BloombergGPT: A Large Language Model for Finance

Shijie Wu,Ozan Irsoy,Steven Lu,Vadim Dabravolski,Mark Dredze,Sebastian Gehrmann,Prabhanjan Kambadur,David Rosenberg,Gideon Mann
2023-12-21
Abstract:The use of NLP in the realm of financial technology is broad and complex, with applications ranging from sentiment analysis and named entity recognition to question answering. Large Language Models (LLMs) have been shown to be effective on a variety of tasks; however, no LLM specialized for the financial domain has been reported in literature. In this work, we present BloombergGPT, a 50 billion parameter language model that is trained on a wide range of financial data. We construct a 363 billion token dataset based on Bloomberg's extensive data sources, perhaps the largest domain-specific dataset yet, augmented with 345 billion tokens from general purpose datasets. We validate BloombergGPT on standard LLM benchmarks, open financial benchmarks, and a suite of internal benchmarks that most accurately reflect our intended usage. Our mixed dataset training leads to a model that outperforms existing models on financial tasks by significant margins without sacrificing performance on general LLM benchmarks. Additionally, we explain our modeling choices, training process, and evaluation methodology. We release Training Chronicles (Appendix C) detailing our experience in training BloombergGPT.

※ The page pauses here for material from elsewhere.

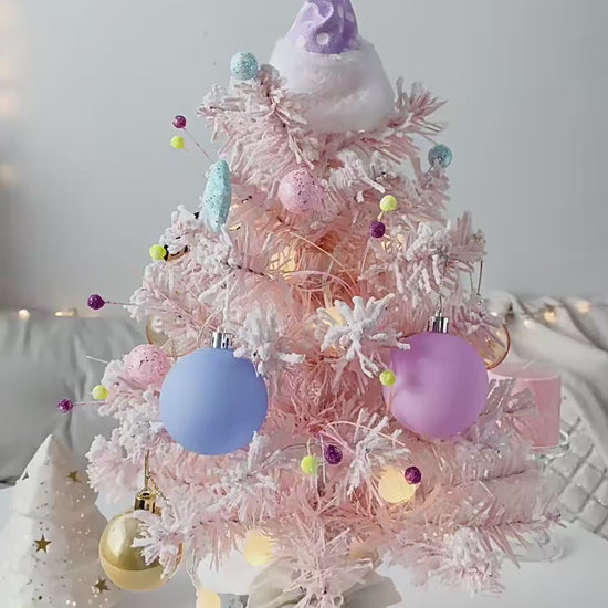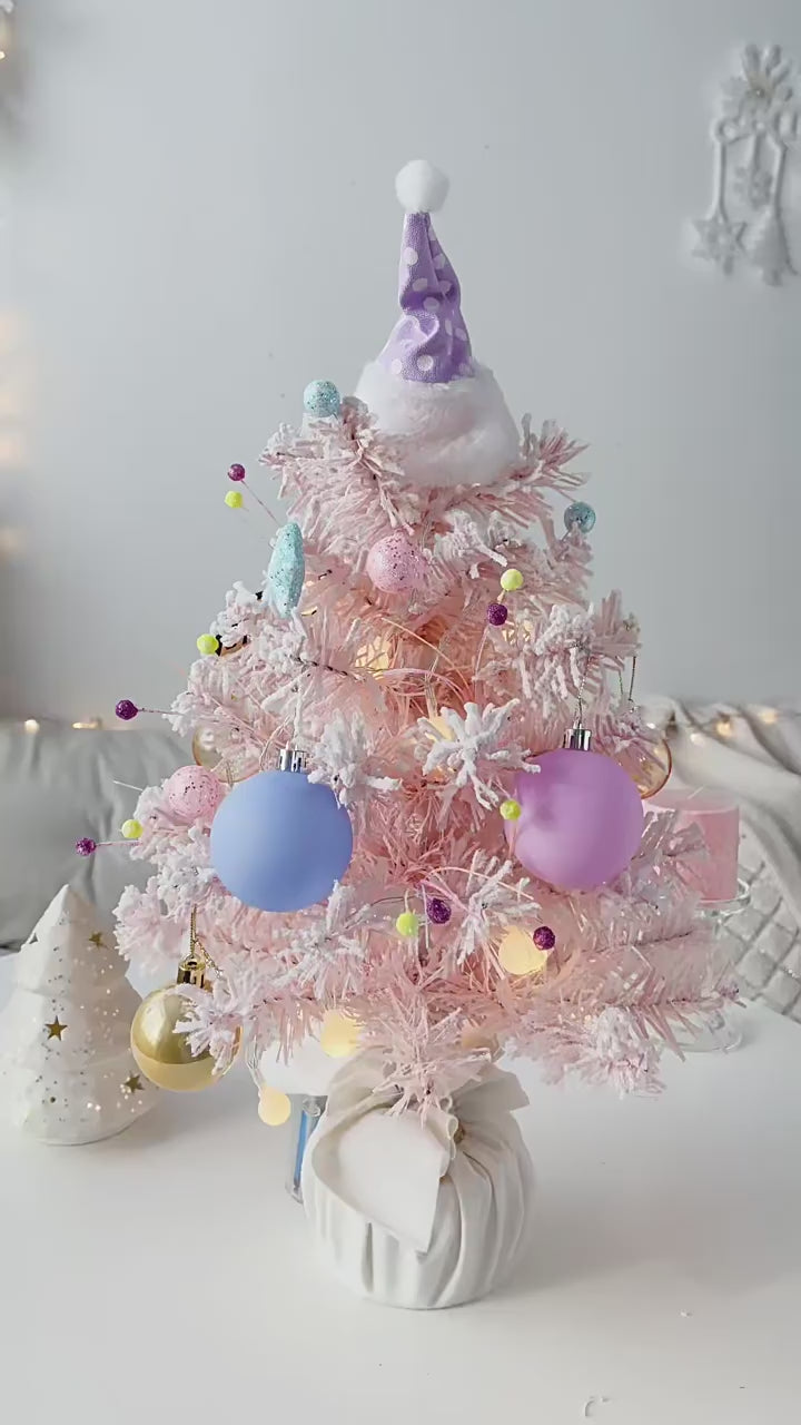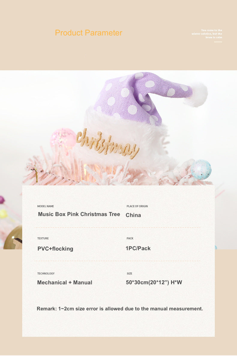 Christmas Decorations Pink Mini Christmas Tree Rotating with Music Box Tabletop Ornaments 50cm/20in

Machine Learning,Artificial Intelligence,Computation and Language,General Finance
What problem does this paper attempt to address?
### What problem does this paper attempt to solve? The main goal of this paper is to develop a large language model (LLM) specifically for the financial sector to address natural language processing tasks in financial technology (FinTech). Specifically: 1. **Specialized Needs in the Financial Sector**: - Although there are many general-purpose large language models (such as GPT-3), these models perform poorly on specific tasks in the financial sector. Therefore, the paper aims to build a language model tailored for the financial sector to better handle finance-related natural language tasks. 2. **Hybrid Data Training Method**: - The paper proposes a new hybrid data training method, which combines specialized financial data with general data. This method not only improves the model's performance on financial tasks but also maintains its competitiveness on general tasks. 3. **Large-Scale Financial Dataset**: - The paper constructs a financial dataset (FinPile) containing 363 billion tokens, which is one of the largest datasets in the financial sector to date. By leveraging Bloomberg's years of accumulated data resources, the quality and diversity of the data are ensured. 4. **Evaluation Methods**: - The paper details the model's performance on multiple standard benchmarks, open financial benchmarks, and internal benchmarks, demonstrating the model's significant advantages in financial tasks while also maintaining competitiveness in general tasks. In summary, this paper aims to improve the performance of finance-related natural language processing tasks by developing a large language model specifically for the financial sector and validating the effectiveness of the hybrid data training method.